個人的にはこうしたほうが、ぶっちゃけ介護の本質をついてるし、現場の介護では必要なことだと思う。認定は大事です。でも本当に守りたいのは、数字ではなく、本人の暮らしと家族の生活です。そこを見失わずに動けた人ほど、あとから振り返ったときに「あのとき相談してよかった」と言える介護になりやすいです。
要介護認定再申請に関する疑問解決
認定結果が低い気がします。すぐ再申請していいですか?
はい、ただし感情だけで動くより、まずはなぜ低く見えたのかを整理するのが先です。認知症の波、家族の介護力、調査当日の体調、主治医意見書とのズレなど、原因が見えると次の一手が変わります。多くの場合は、ケアマネに相談して区分変更の準備を整えるのが現実的です。
更新まで待ったほうがいいですか?
明らかな悪化があり、いまのサービス量では足りないなら、待たないほうがいいことが多いです。更新を待つ間に転倒、介護離職、家族の疲弊が進むこともあります。足りない支援を我慢する時間が長くなるほど、家族全体の負担は重くなります。
区分変更を出したら、必ず介護度は上がりますか?
いいえ。ここは期待しすぎないことが大切です。区分変更は見直しなので、結果は上がることも、据え置きも、場合によっては下がることもあります。だからこそ、申請前にケアマネと見立てを共有し、家族の感覚だけで突っ走らないことが重要です。
認定調査には誰が同席したほうがいいですか?
普段の生活を最もよく知っている人です。配偶者、同居家族、頻繁に介護している子、施設職員などが候補です。大切なのは肩書きではなく、日常の困りごとを具体的に話せる人であることです。
要支援から重くなった場合も同じですか?
要支援から要介護への見直しは、自治体によって案内や必要書類の扱いに注意点があります。実務上は新規申請に近い整理が必要になる場合もあるため、自己判断せず、市区町村窓口か地域包括支援センターに早めに確認しましょう。
まとめ
要介護認定の再申請で本当に大切なのは、書類の出し方より先に、いまの暮らしがどれだけ変わったかを具体的に言葉にすることです。転倒が増えた。夜間介助が必要になった。認知症の波で見守りが外せない。家族の限界が近い。こうした現実を遠慮なく整理できたとき、区分変更はただの手続きではなく、必要な支援へつながる入口になります。
迷ったら、まずは担当のケアマネジャーか地域包括支援センターへ相談してください。
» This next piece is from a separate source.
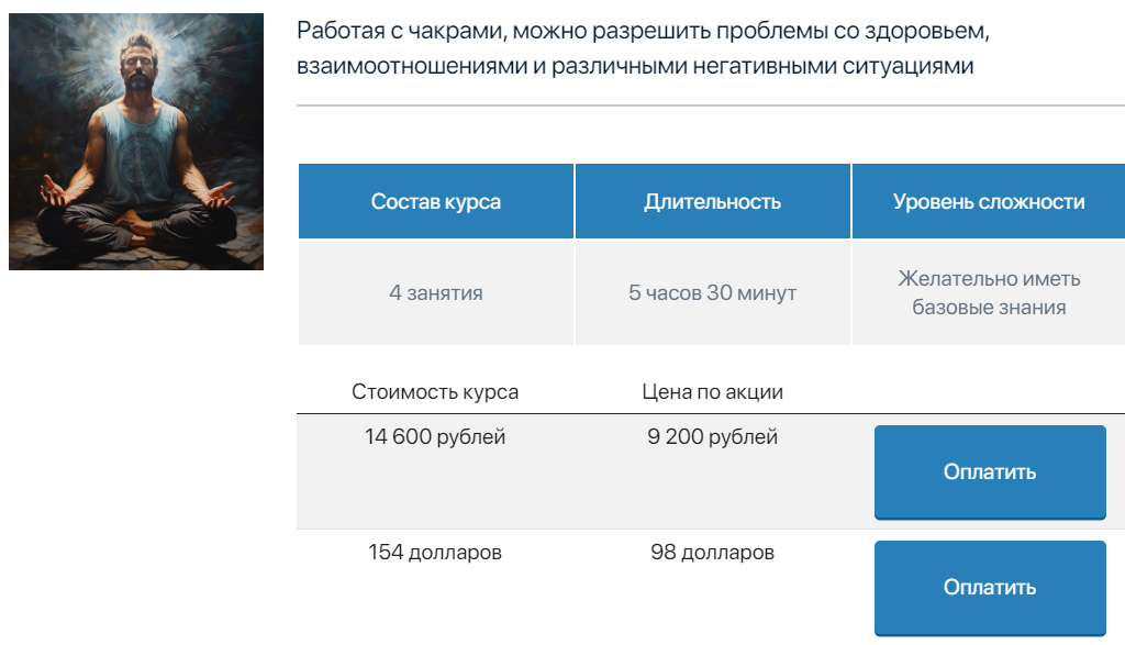 На курсе вы научитесь наполнять, чистить, исправлять, приоткрывать/закрывать чакры, ограничивать нежелательное влияние внешнего мира на наш внутренний мир.

そして、調査当日は「できるか」ではなく「どんな条件なら、どこまでなら、どれだけ危なくなくできるか」を伝えましょう。要介護認定再申請は、わがままではありません。本人の生活を守り、家族の介護を持続可能にするための正当な見直しです。いま苦しいなら、更新日を待たず、一歩動いて大丈夫です。